Kemper in a live Situation

  • Hello!


    I use the Kemper since 4 weeks now! I'm very impressed about the great sound, because i always have been veeeery fucked up by modeling amps, even
    when everybody got crazy about this stuff. For example I tested the Axe FX 2 for a week and sent it back to G66, because i didn't like it.


    But the Kemper is a complete different kind of gear! It really sounds like the great amps. Not all presets, but at least the amp factory stuff blew me away!



    So i tried to play it live on stage yesterday. The result was a very new experience in need of getting used to. I switched between different rigs which i figured out
    in my studio at home but i was a little bit unhappy with balancing the volumes on stage! The floor monitor was a very expensive piece of gear, but for now i'm far away from the feeling i had
    when i was playing a real amp! The sound sometimes was hard to play. the clean sounds for example sounded very great when playing only guitar. But when the vocals, keys and
    bass joined the monitor, all i had left were the high frequencies with no balls!


    Before i buy my own monitoring i really need good advises to come closer to a comfortable stage situation!


    Thanks to everybody for your help!


    Cheers!

  • It took a little time for me to tweak my Kemper rigs before using them in a live situation as well. I tweaked and listened to my amp rigs using studio monitors, studio headphones, custom ear molds, fx loop input on combo amp, powered Mackie p.a. speaker, and even rented a rehearsal room for 2 hours to listen through a p.a. Granted, this is probably more than most people have access to on a regular basis.


    What I found was that the rigs always sounded slightly different and I wanted to tweak them accordingly. I decided to start eliminating some of the variables by using fewer amp rigs, limiting myself to about 10 that I liked the best.
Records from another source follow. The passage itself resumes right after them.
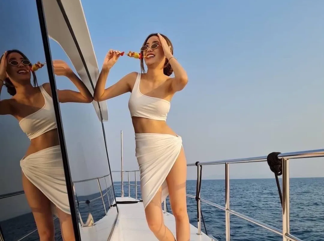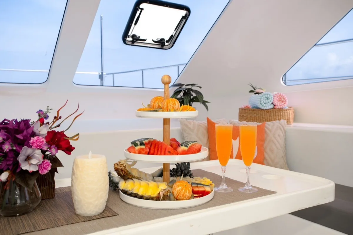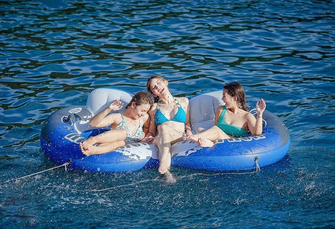 The yacht features essential amenities including a sound system, kitchen facilities, and practical water activities with water slide, floating pool, kayak, stand-up paddleboard, fishing gear, and snorkeling equipment.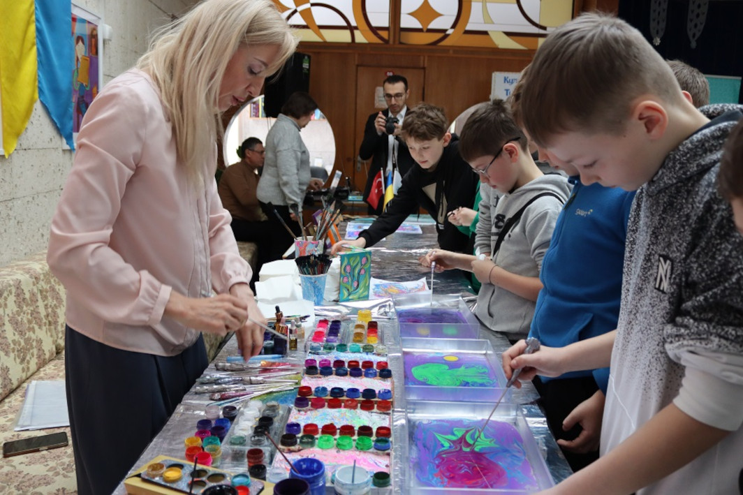 У майстер-класі взяли участь близько 70 дітей та дорослих, які з великим натхненням експериментували з фарбами, спостерігали, як кольори плавно розтікаються водною поверхнею, і створювали власні неповторні композиції. Атмосферу заходу доповнювала турецька музика, що допомагала учасникам глибше зануритися в культурну традицію та відчути справжню магію мистецтва.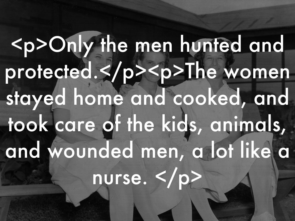 The women stayed home and cooked, and took care of the kids, animals, and wounded men, a lot like a nurse.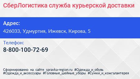 СберЛогистика, служба курьерской доставки по адресу 426033, Удмуртия, Ижевск, Кирова, 5 в дальнейшем Организация, размещена в следующих категориях: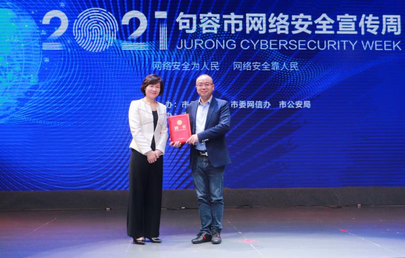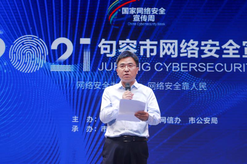 镇江市委网信办副主任蔡国华,句容市委常委、宣传部部长查兆娣,句容市委常委王红芳共同开启2021年句容市网络安全宣传周。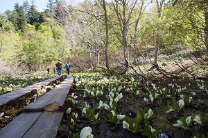 尾瀬の短いシーズンの幕開けにふさわしい純白の姿「水芭蕉」が咲くのは5月下旬~6月中旬。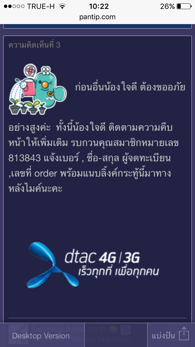 ตั้งกระทู้ complain บริการของDTAC เมื่อวันที่ 14 มกราเวลาประมาณ 14.0น. ตามlink นี้ครับ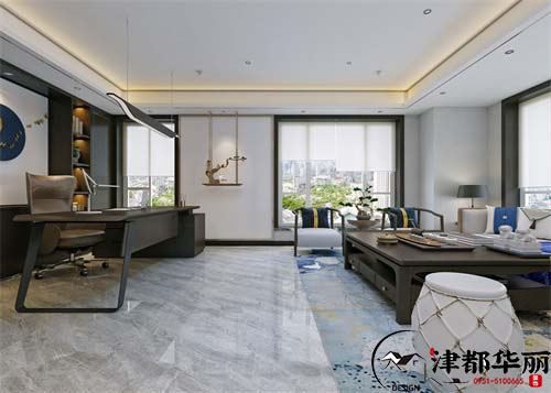 现代办公的装修一般追求简约时尚,便捷高效,给办公者提供一个温馨舒适的办公场所。所以在这次的办公室设计中,整体简约而有内涵,简单的设计会让整体空间显得干净整洁。公司形象墙的设计简约时尚,L型的设计合理的分隔了空间,让空间更加的有层次性,灯光和绿植的点缀让形象墙更加的生动丰富,给我们的印象就是时尚且欣欣向荣。办公区的吊顶造型简单而时尚,搭配零星点点的灯光,颇有艺术感,整齐简约的办公桌椅,放上几盆绿植,这里被装饰的刚刚好,宽敞舒适,也将空间合理的利用完整。领导办公室的设计宽敞气派,深色木质墙柜颜色突出,但又和整体空间融为一体,突出了空间的品质和大气。

Then if the tones were similar, i.e. medium gain or high gain, I would find the cabinet profile I liked the best and the same cabinet profile for different rigs when I could. When the entire rig changes, sometimes there are eq curve differences and it takes about 15-20 seconds for your ears to adjust and in the meantime, it sounds "weird".


    When I play live, we use in-ear monitors, so it's a pretty flat, even response except for the midrange bump in the resonant frequencies of the molds themselves. So between the ear monitor signal I get and tweaking to a powered p.a. speaker at home and limiting my work to as few amp rigs that I need to get by, I was able to get some great basic sounds. I eventually got an Atomic Reactor FRFR tube powered wedge and I've been using that to tweak sounds at home and for stage monitoring at smaller gigs where I don't have ear monitors. The problem with being dependent on floor wedges in most monitor systems is that the eq's are carved up heavily to keep vocal mics from feeding back, which murders from the Kemper.


    If you can work diligently through the initial tweaking process and get a decent FRFR powered speaker, you can dial up some pretty amazing tones that are consistent from night to night and get even better as time goes by as you fine tune in the live environment.